I just realized that you're evaluating your points at the original input points when you're using a non-zero smoothing factor (s).
By definition, smoothing won't fit the data exactly. Try putting s=0 in instead.
As a quick example:
import matplotlib.pyplot as plt
import numpy as np
from scipy import interpolate
x = np.linspace(0, 6.*np.pi, num=100) #interval (0,6*pi) in 10'000 steps
A = 1.e-4 # Amplitude of sine function
y = A*np.sin(x)
fig, axes = plt.subplots(nrows=2)
for ax, s, title in zip(axes, [2, 0], ['With', 'Without']):
yinterp = interpolate.UnivariateSpline(x, y, s=s)(x)
ax.plot(x, yinterp, label='Interpolated')
ax.plot(x, y, 'bo',label='Original')
ax.legend()
ax.set_title(title + ' Smoothing')
plt.show()
The reason that you're only clearly seeing the effects of smoothing with a low amplitude is due to the way the smoothing factor is defined. See the documentation for scipy.interpolate.UnivariateSpline for more details.

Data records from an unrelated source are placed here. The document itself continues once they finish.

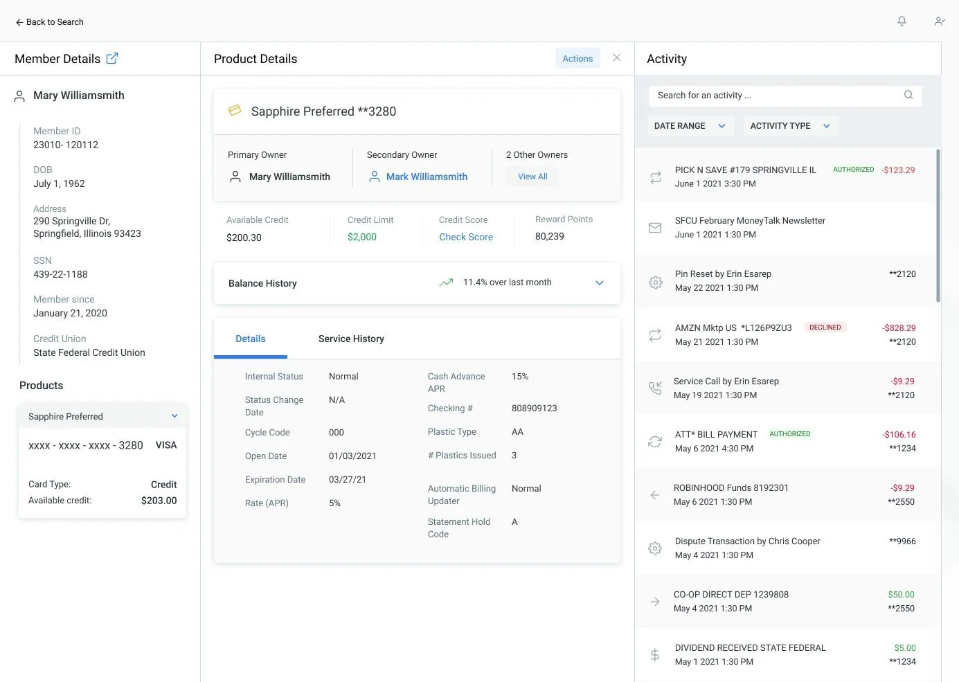 Our design solution minimized the time it takes for Credit Union representatives to navigate between member products and find transaction data by 13%.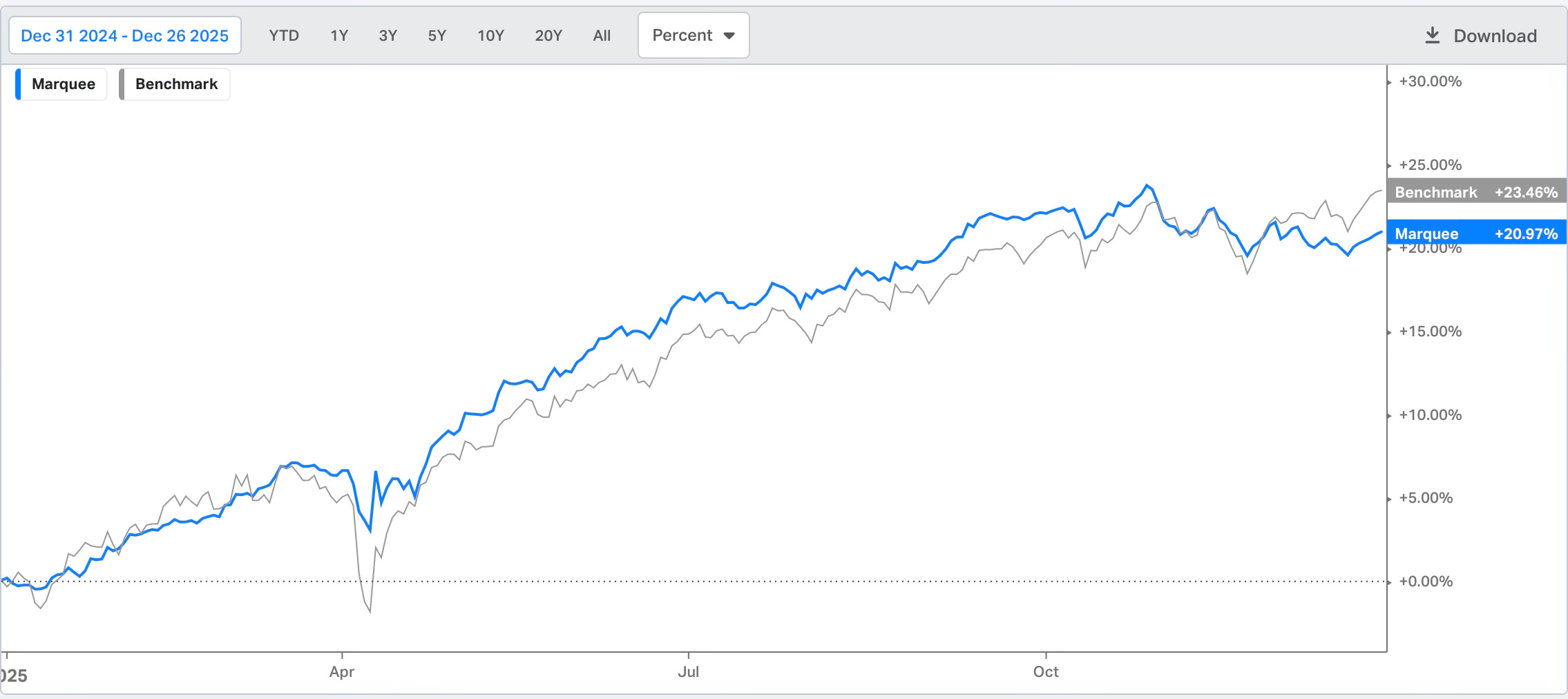 We had a satisfying year, limiting our drawdowns, and we are ending with 21% returns YTD, slightly underperforming the benchmark over the past few weeks after outperforming it for most of the year.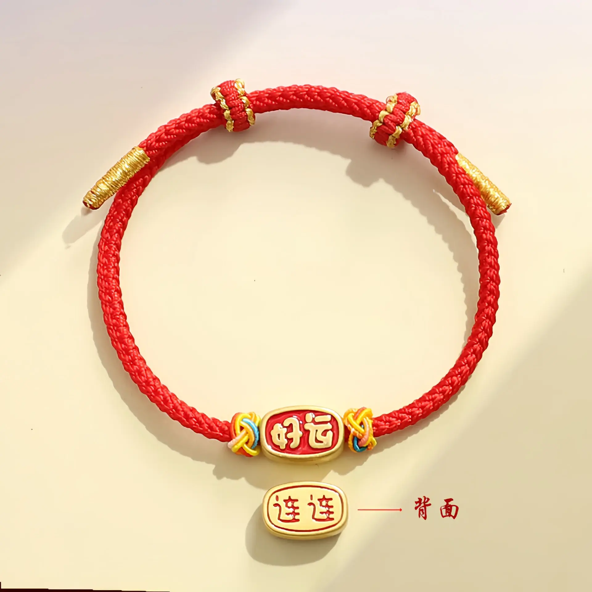 好运连连红绳手链手工diy编织本命年手绳情侣少儿平安合金手饰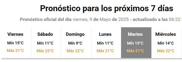 Para la semana que viene recién se anuncian lluvias para el miércoles 14 de mayo y luego de las tormentas comenzarán a bajar las marcas térmicas, al menos por unos días.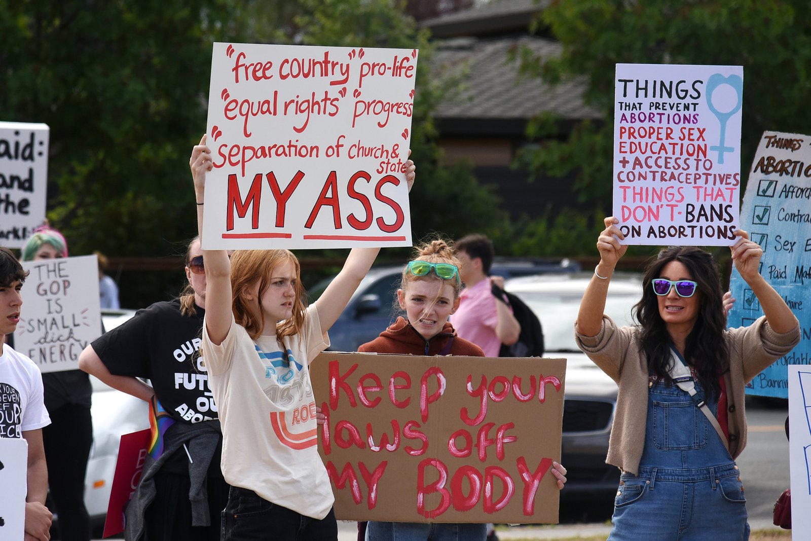A group of individuals, primarily young adults, participate in a Planned Parenthood rally in downtown Anchorage, holding signs advocating for reproductive rights and criticizing political stances on abortion.
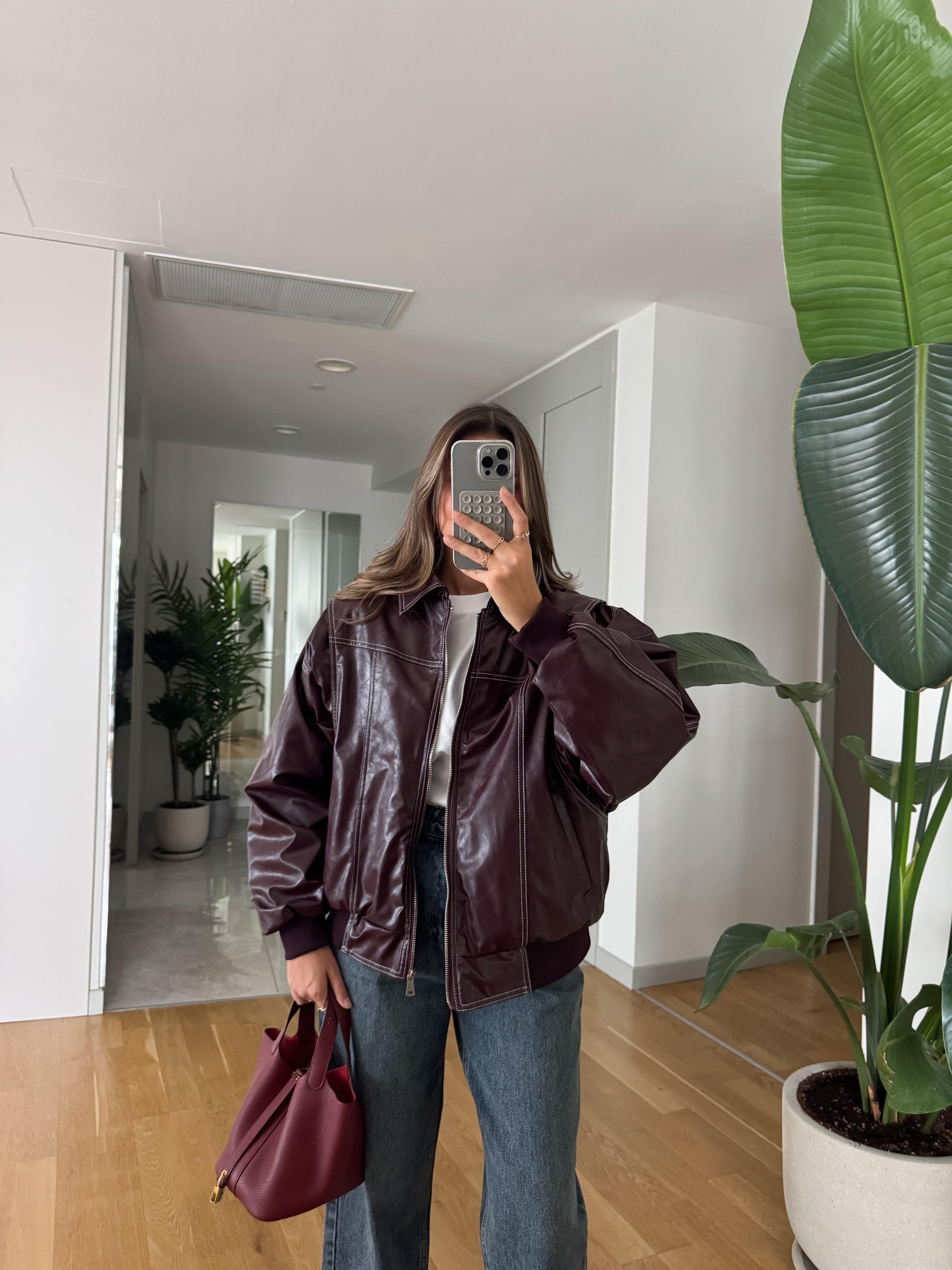 Bordo Kontrast Dikişli Deri Ceket (BRD-KNTRST-DKSL-DR-CKT)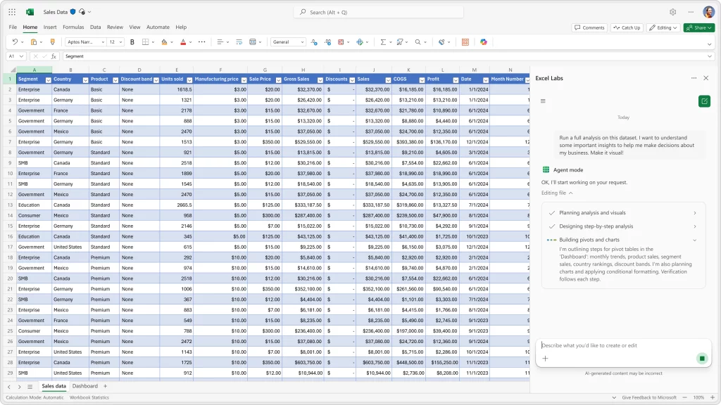 Agent Mode na voljo v Excelu in Wordu

Even with a higher amplitude, the interpolated data won't match the original data if you use smoothing.
For example, if we just change the amplitude (A) to 1.0 in the code example above, we'll still see the effects of smoothing...
The problem is in choosing suitable values for the s parameter. Its values depend on the scaling of the data.
Reading the documentation carefully, one can deduce that the parameter should be chosen around s = len(y) * np.var(y), i.e. # of data points * variance. Taking for example s = 0.05 * len(y) * np.var(y) gives a smoothing spline that does not depend on the scaling of the data or the number of data points.
EDIT: sensible values for s depend of course also on the noise level in the data. The docs seem to recommend choosing s in the range (m - sqrt(2*m)) * std**2 <= s <= (m + sqrt(2*m)) * std**2 where std is the standard deviation associated with the "noise" you want to smooth over.